Entertainment Value: This movie remains relevant after multiple decades, as it deals with issues that remain pertinent and does so with great skill, choosing to inspire discussion, rather than stir up reactions. This premise of white liberals forced to face their own internal prejudices is a theme that has been covered time and again, but here is done with a thoughtful, balanced approach. The mothers are elated to see such a powerful romance in blossom, while the fathers struggle to accept the situation, as they see the potential problems involved. The movie is able to be candid and open about the issue of race, but never feels driven by hate, even in the outbursts from Tillie, who dislikes John’s bold intentions. The inner conflict is examined, mostly from the view of Spencer Tracy’s role, as he processes the situation and has to battle a mindset he never knew he had. He is presented as a loving father who wants the best for his daughter, but is torn over the issues she might face, as well as being put into a high pressure, limited time ultimatum. These are well crafted, believable characters put into an interesting situation, performed by a masterful cast. I think the decision to spark discussion, rather than pander for outrage is what makes this such a classic, as well as why it remains such a relevant movie.
No nakedness. No blood. This one has no sexual content (the new couple hasn’t slept together), but it does bring up the importance of romance, love, and that magical connection between two people.

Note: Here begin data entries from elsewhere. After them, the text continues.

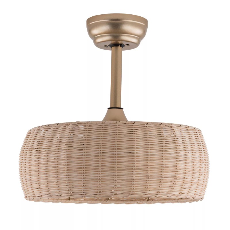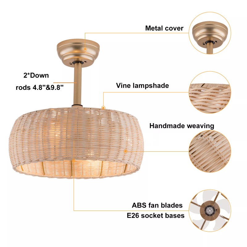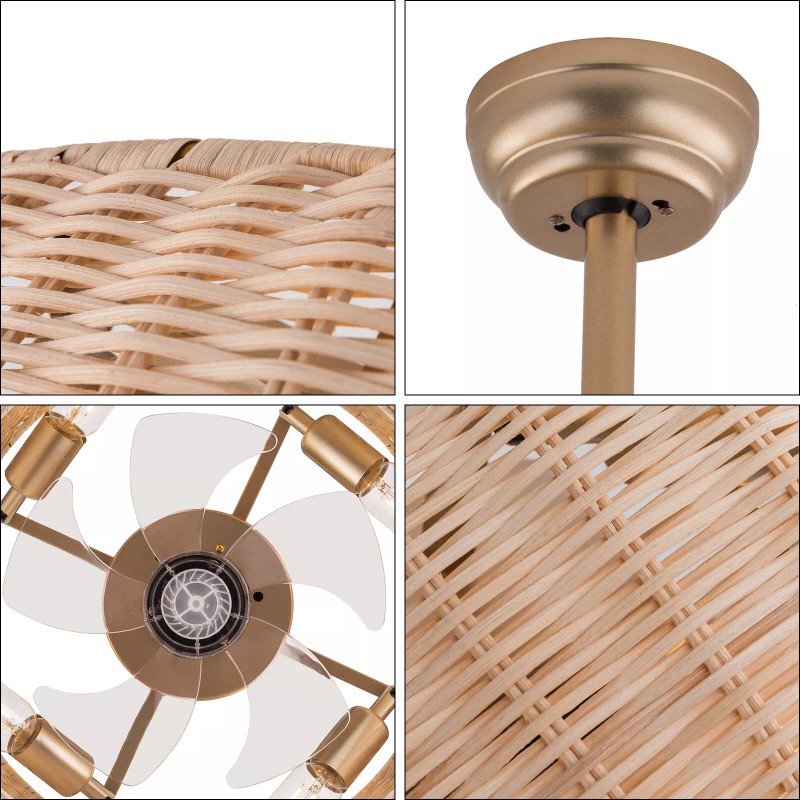 18.5" Rattan Caged Ceiling Fan Light Bamboo Fan Chandeliar for Bedroom w/ Remote
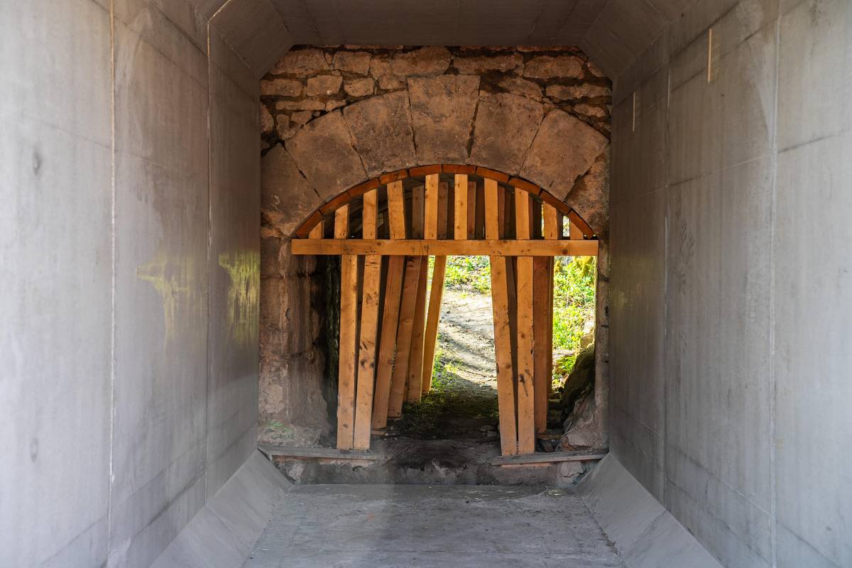 Propustky se osadí podpěrnými sloupy a následně se na ně aplikuje stříkaný beton.
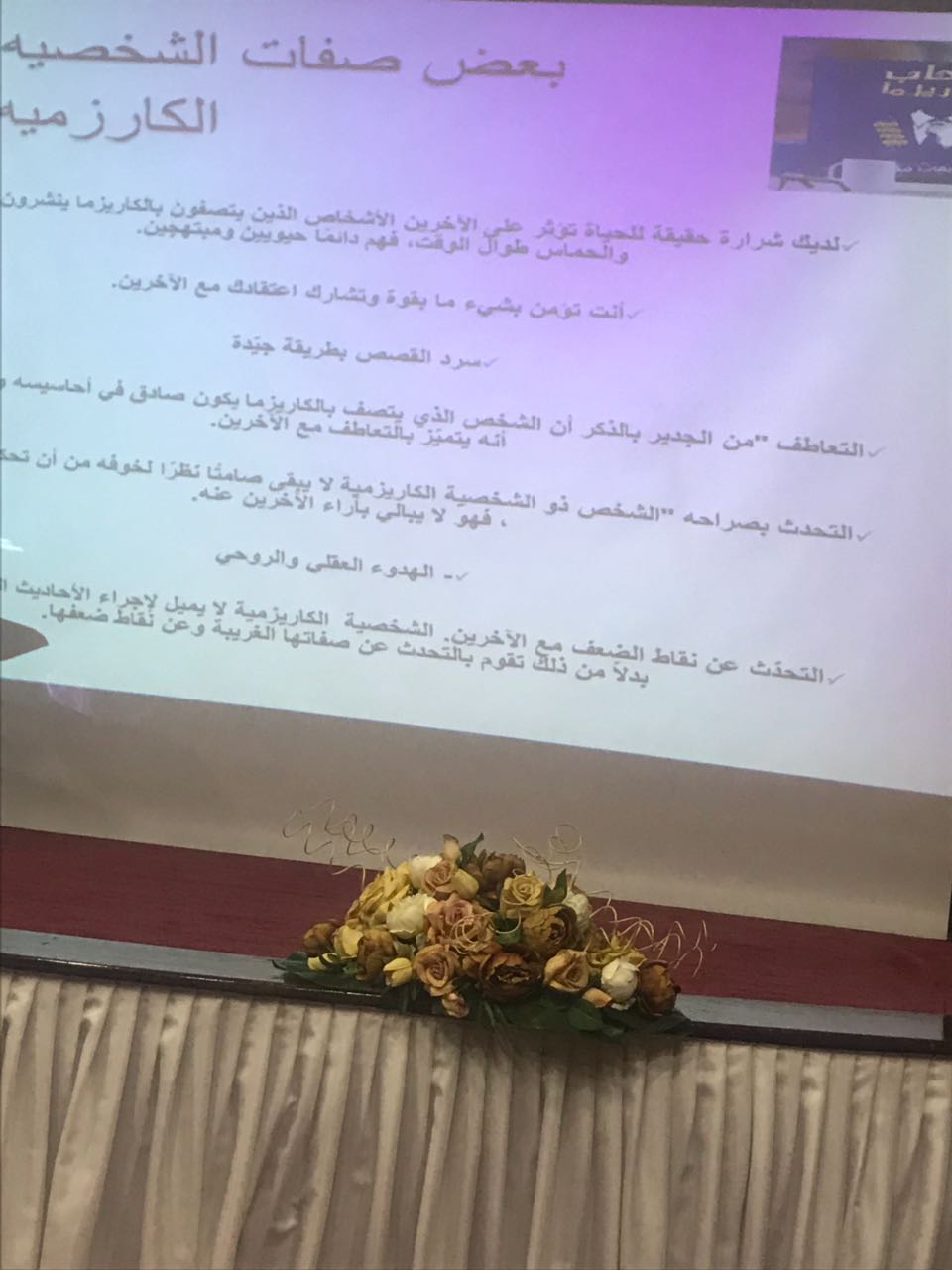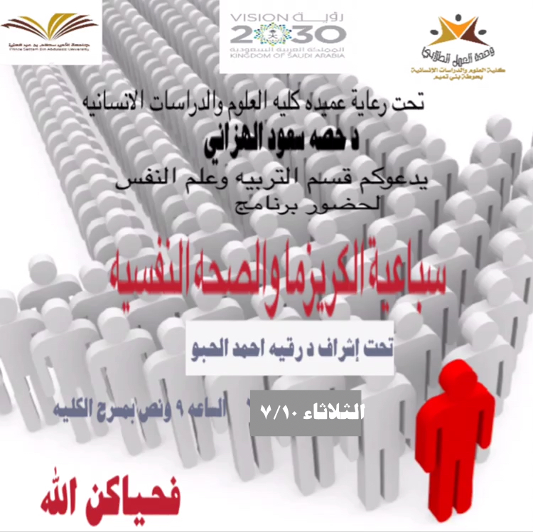 تحت رعاية عميدة كلية العلوم والدراسات الإنسانية بحوطة بني تميم الدكتورة حصة سعود الهزاني أقام قسم التربية وعلم النفس برنامج (سباعية الكاريزما والصحة النفسية) بإشراف د. رقيه أحمد الحبو يوم الثلاثاء ٧/١٠ / 1439 هـ. هدف البرنامج إلى التعريف بالشخصية الكاريزمية وهي الشخصية الجاذبية المقنعة التي لديها ألقوه الغامضة لجذب الآخرين وهي من الصفات التي يسعى كثير من الناس لاكتسابها، كما تم عرض مقطع فديو يتحدث عن الصحة النفسية وكيف ممكن للشخص التخلص من الضغوطات النفسية وكيف تكون شخصية كارزمية وقدرة الإيجابية للإقناع وزرع الثقة بالنفس. صاحب البرنامج ركناً خارجياً حوى توزيعات ومنشورات وعبارات عن سباعية الكاريزما وقد لاقى البرنامج إعجاب الحضور .

No violence either, as the movie uses a thoughtful approach and doesn’t pander to hate. The writing is excellent and gives us realistic, complicated characters that navigate a unique social situation under pressure, as time is a real concern. Tracy’s character has the most conflict, at least until John’s father arrives, but that is late into the picture. His performance is strong and effective, despite his poor health and of course, he would die a couple weeks after the movie was completed. Poitier is fine form as well, of course and his conversation with his in-movie father is powerful, to say the least. The rest of the cast is capable as well, with Katharine Hepburn, Isabelle Sanford, Katharine Houghton, and Cecil Kellaway in prominent roles. No real craziness in this one, the movie remains ground and always thoughtful.